Эта практика «созерцаний на кладбище» должна была привести медитирующего монаха к пониманию того, что его тело, по словам, приписываемым Будде, «такого же рода и потому неизбежно будет подвержено этому».
Мы с Франсиско ехали все дальше. Наконец, после короткой остановки в небольшом городке, чтобы перекусить chilaquiles со свининой и посмотреть на процессию прихожан местной церкви с портретами умерших родственников, мы прибыли к месту назначения в деревню Сан-Грегорио Атлапулько. Холодало, время шло к полуночи. Сначала я увидел только отблески оранжевого света в ночной темноте, а потом, за поворотом дороги мы обнаружили его источник: сотни свечей на деревенском кладбище, усеянном сплошным ковром из оранжевых лепестков маргариток, отбрасывали мягкое зарево в черное небо.
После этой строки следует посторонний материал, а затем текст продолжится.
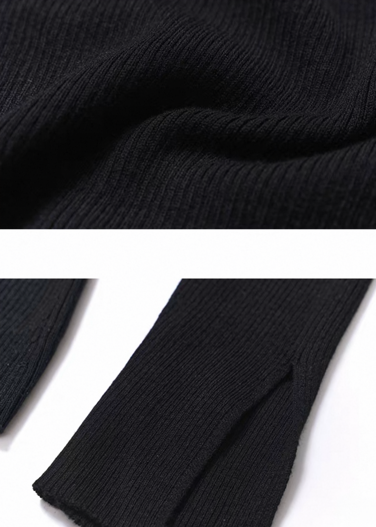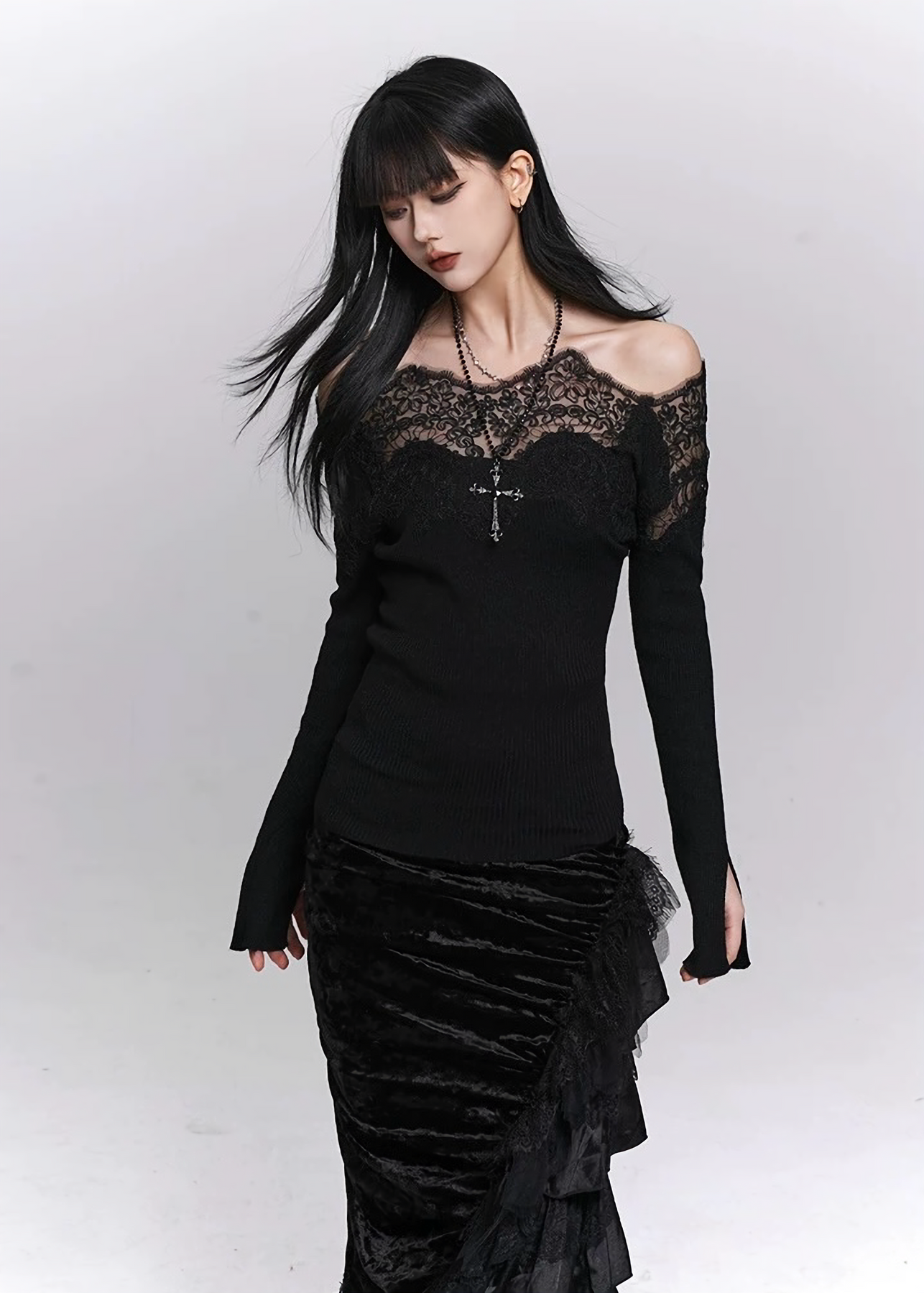 ビスコース・ポリエステル・ナイロンを使用した軽やかなニットは、身体に沿いすぎずに美しいラインを描き、肩まわりの抜け感と長めのスリーブが“静かなダークフェミニン”をつくり出します。

Франсиско припарковал грузовик, и мы вошли на кладбище. Моим глазам потребовалось какое-то время, чтобы привыкнуть к открывшемуся зрелищу. Почти у всех надгробий, которые в основном представляли собой грубые куски бетона или дерева, находились люди. Группами по три-четыре человека они сидели на складных стульчиках или прямо на земле, скрестив ноги, разговаривая вполголоса и попивая текилу из бумажных стаканов. По краю кладбища перемещался оркестр марьячи в полном облачении, исполнявший серенаду каждой могиле. Я остановил женщину, несшую охапки ковриков и складных кресел к ближайшему надгробию, и спросил, для чего это. «О, да это моя мама, — весело ответила она, показывая на могилу. — Мы каждый год сюда приходим».
Будет совершенно неправильным представлять себе День Мертвых или memento mori в целом как способ подавить неизбежное и мучительное чувство скорби по ушедшим. Участников ночных бдений на кладбище вообще никак нельзя было принять за людей, которые просто пытаются развеяться после недавно постигшего их горя, и в любом случае идея праздника заключается не в том, чтобы изобразить широкую ухмылку перед лицом смерти. Это было бы как раз в худших традициях «культа оптимизма» — бесполезным и как минимум неуместным способом реакции на утрату.
День Мертвых не представляет собой попытку превратить нечто пугающе серьезное в нечто совершенно обыденное и не заслуживающее особого внимания, он сам — отрицание подобной бинарной категоричности.
Происходившее на кладбище было самым ярким проявлением memento mori — ритуала, который не подавляет мысли о смерти, но и не пытается изобразить ее в безобидном и слащавом духе англо-американского Хэллоуина. Это ритуал, дающий возможность смерти просочиться в жизнь.
Писатель Виктор Ланда, выросший в Мексике, замечает: «В наших традициях люди умирают три раза. Первый раз — когда наши тела перестают функционировать, наши сердца перестают биться в унисон, наши взгляды лишаются глубины и смысла, а пространство, которое мы занимаем, постепенно теряет значение. Вторая смерть происходит с преданием тела земле… третья, окончательная, смерть случается, когда не остается в живых никого, кто вспомнил бы о нас». В ту ночь на кладбище смерть была вездесуща, и именно по этой причине третьего вида смерти там не было: все жители городка вспоминали. В том числе они помнили и о своей собственной смерти, которая отличалась от смерти их родственников только тем, что пока не пришла за ними.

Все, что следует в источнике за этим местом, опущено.